Microsoft Purview can govern your data assets, but it’s not just a fancy catalog; it’s a system that actively helps you understand and control your data’s journey.
Let’s see Purview in action. Imagine you’ve got data scattered across Azure Data Lake Storage (ADLS) Gen2, SQL Server, and even some flat files in a local share. You need to know who has access to what, where sensitive data resides, and how data flows from source to report.
First, you’d set up a Purview account in your Azure subscription. Then, you’d configure scans to discover your data assets.
# Example: Scan configuration for ADLS Gen2
az purview scan create \
--resource-group myPurviewResourceGroup \
--account-name myPurviewAccount \
--scan-name myAdlsScan \
--kind AzureResourceHdfs \
--connected-store-name myadlsgen2account.dfs.core.windows.net \
--resource-group-name myDataResourceGroup \
--subscription-id <your-subscription-id> \
--authentication-type ManagedIdentity \
--schedule '{ "recurrence": { "frequency": "Day", "interval": 1 } }'
This command tells Purview to connect to your ADLS Gen2 account using its managed identity (which needs the appropriate reader role on the storage account) and scan it daily. Purview then inspects the files, identifies schemas, and extracts metadata.
Once scanned, you can explore your data assets in the Purview Governance Portal. Here’s what it looks like when you view a specific table in SQL Server:
- Overview: Shows the dataset name, description, owner, and classification labels (e.g., "Credit Card Number," "Personal Information").
- Schema: Lists all columns, their data types, and descriptions.
- Lineage: Visualizes how data flows into this table from other sources and how it’s used by downstream processes or reports. This is often the most powerful part, showing the actual ETL jobs or data pipelines that populated it.
- Glossary: Links to business terms defined in Purview’s glossary, providing business context.
Purview solves the problem of data sprawl and lack of trust. It brings disparate data sources under a unified umbrella, making them searchable, understandable, and governable. Internally, it works by:
- Registration: You register your data sources (ADLS, SQL, etc.) with Purview.
- Scanning: Purview uses registered credentials to connect to sources, extract metadata (schemas, table names, file paths), and apply classification rules.
- Classification: Using built-in and custom rules, Purview identifies sensitive data types (PII, financial data) within your datasets.

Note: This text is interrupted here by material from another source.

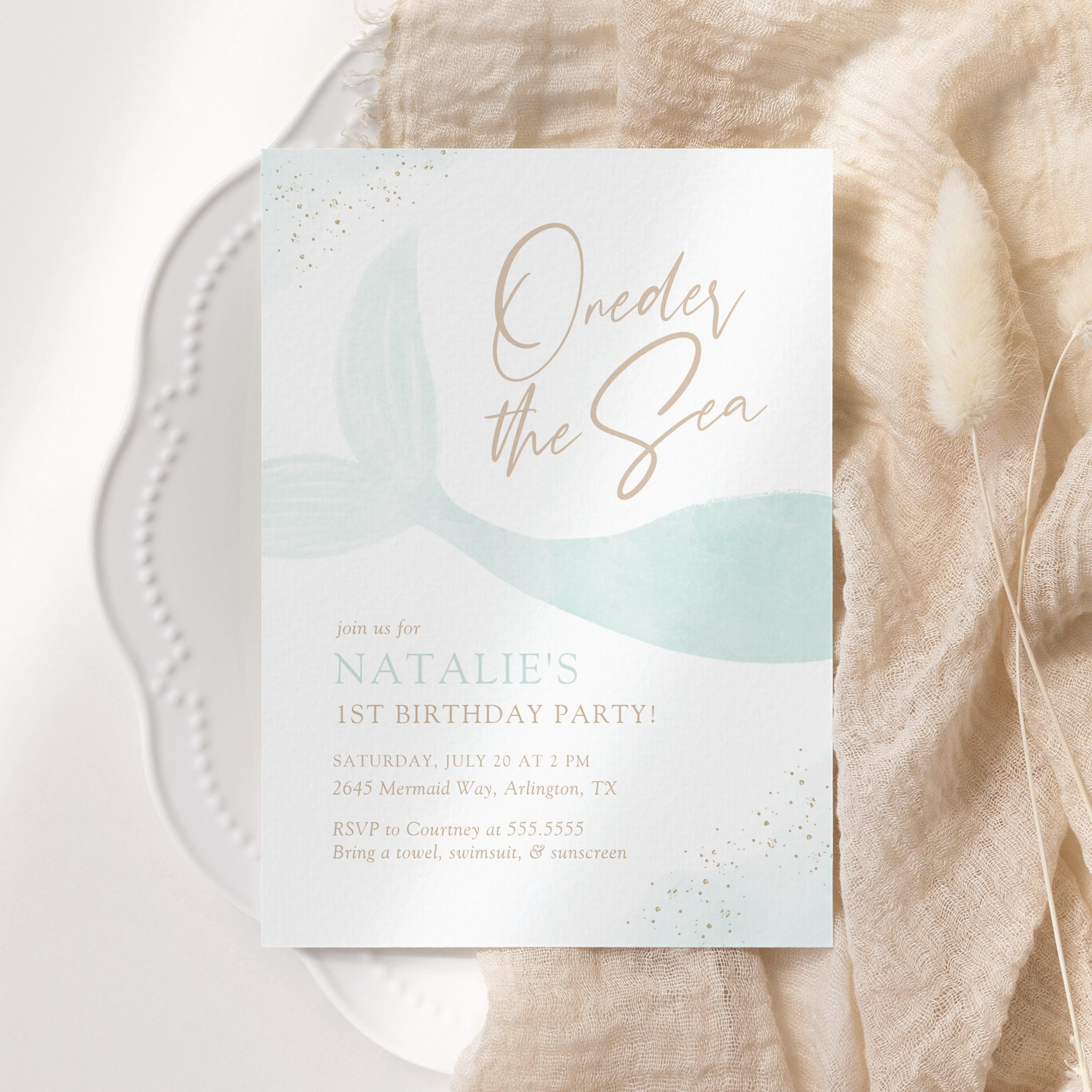Oneder the Sea Turquoise Mermaid Girl Birthday Invitation

- Lineage Extraction: For supported sources (like Azure Data Factory, SQL Server Integration Services), Purview can trace data movement and transformations, building a visual lineage graph.
- Business Glossary: You define business terms, their definitions, and link them to technical assets, bridging the gap between IT and business users.
- Data Catalog: All this information is indexed, making data assets discoverable through search.
- Access Policies: While Purview itself doesn’t directly manage access for all sources, it integrates with Azure Active Directory and can help enforce data access policies by providing visibility into who should have access based on roles and classifications.
The real magic isn’t just cataloging; it’s the interconnectedness. When you classify a column in ADLS Gen2 as "Passport Number," and that data is then copied via Azure Data Factory into a SQL Server table, Purview automatically updates the lineage to show the flow and propagates the "Passport Number" classification to the SQL table’s column. This means your sensitive data tracking is continuous and automated.
Most people think of Purview as just a search engine for data. However, its true strength lies in its ability to infer relationships and propagate metadata automatically. When a data pipeline moves data, Purview doesn’t just record the fact that data moved; it understands the context of that data – its schema, its classifications, and its business meaning – and ensures that context travels with the data, even across different technologies. This automated metadata propagation is what enables true data governance at scale.
The next step after understanding your data assets is defining and enforcing data access controls based on these discovered classifications and ownership.